Here's a suggestion for how to find the line. The ley is excess hydration before the run. When you're at the top, all you need is one look down the face and then wait just a minute. After that you'll be able to follow the "yellow" brick road.

Thanks for those pics TS.
post #51 of 54
I'm thinking about getting my feet farther away from my body, especially in the belly of the turn. Smoother transitions ("like buttah!") rounds out where my head's been...
post #52 of 54
Thanks for the insight Whygimf. That makes alot of sense.

this thread = bookmarked for me, and I'll return to this advice in about 5 or 6 months for sure
post #53 of 54
Tyrone, consider white water kayaking for the off season. Reading and running lines fluidly is the name of the game.
post #54 of 54
What am I Working on?

I am working on believing that gaining technical proficiency will change my ski experience for the better.

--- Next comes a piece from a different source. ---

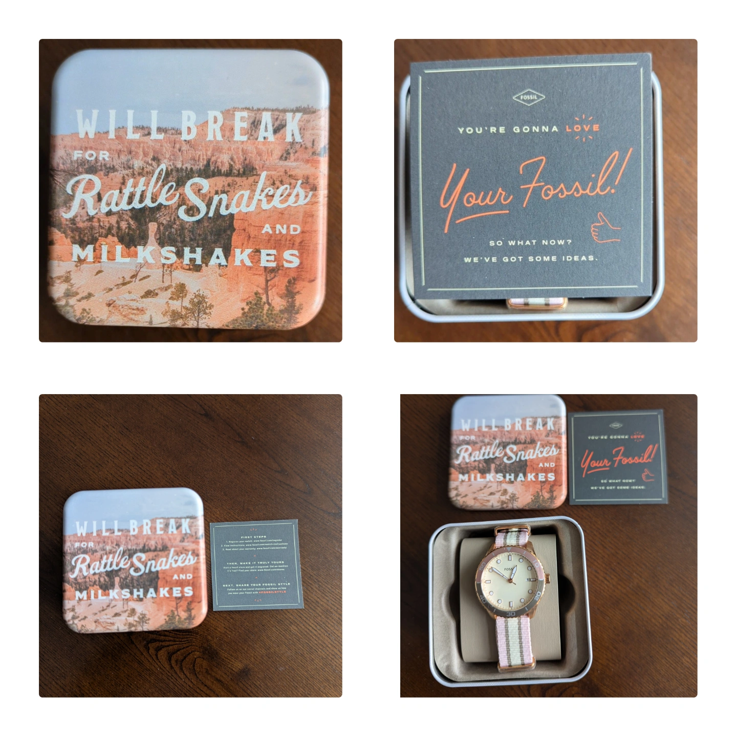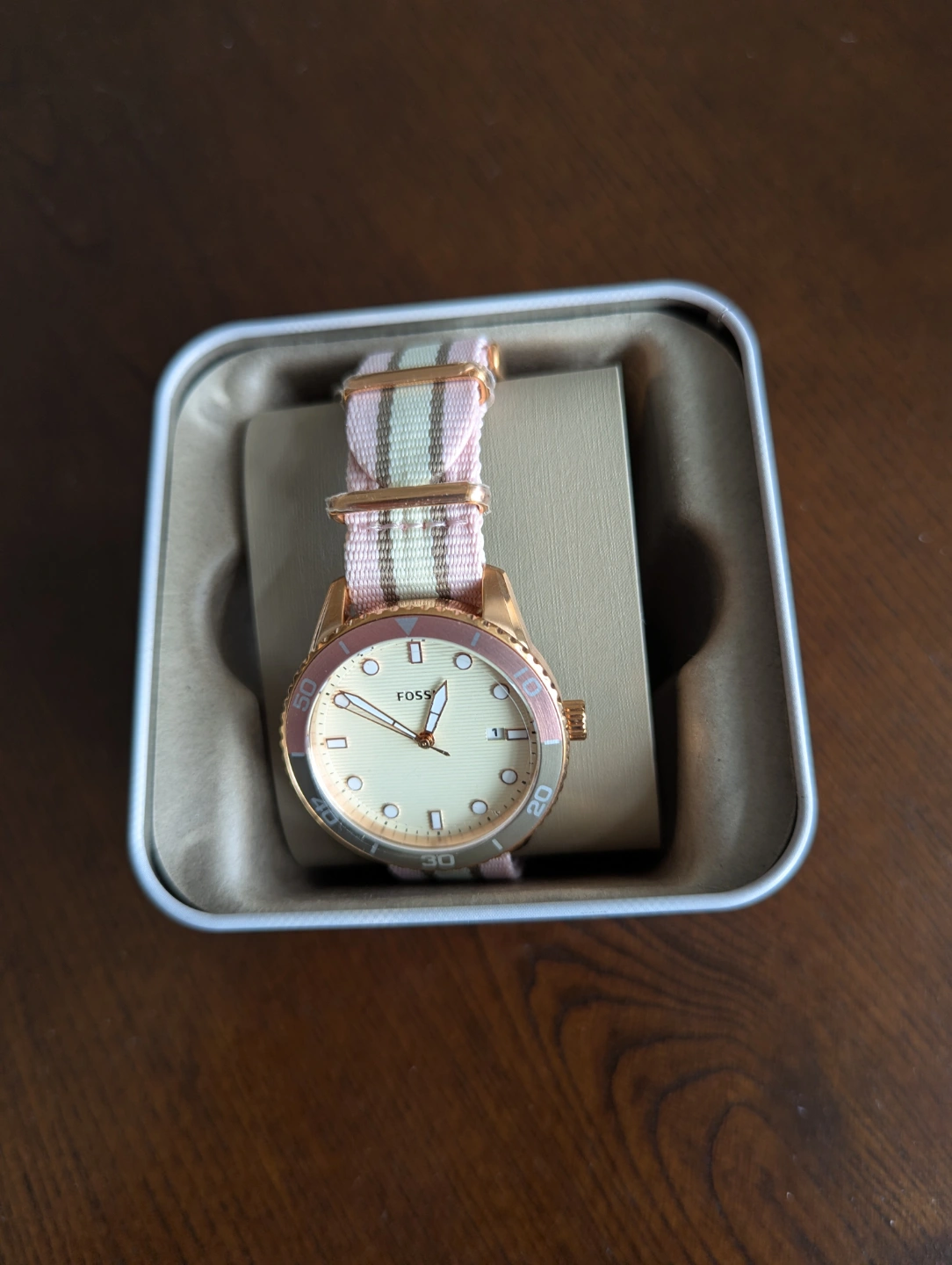 Pink and beige striped Nato strap. Comes in a collectible tin.

I guess I’m a pretty good natural athlete and I’ve always taken to sports with a natural ease and I’ve always bristled under coaching. The start of my skiing pretty much spelled the end of my school basketball career and I was glad about it. Basketball had gone from a happy after school play time, whoopin’ up on the neighbors kinda thing to a regimented daily practice schedule, getting yelled at, running wind sprints and working on offensive and defensive sets. One of the things I immediately loved about skiing is that there was no one there to tell me I should be doing it differently. I was just sliding down the hill with my friends going here and there as we pleased. Progressing from one week to the next from the bunny hill to the two blue slopes and thinking that one day we would be good enough for the one black slope.
Thirty years later I’m still doing pretty much the same thing except that I’ve got enough experience that now it’s the very rare line that makes me feel like I might be so technically deficient as to not be able to ski it.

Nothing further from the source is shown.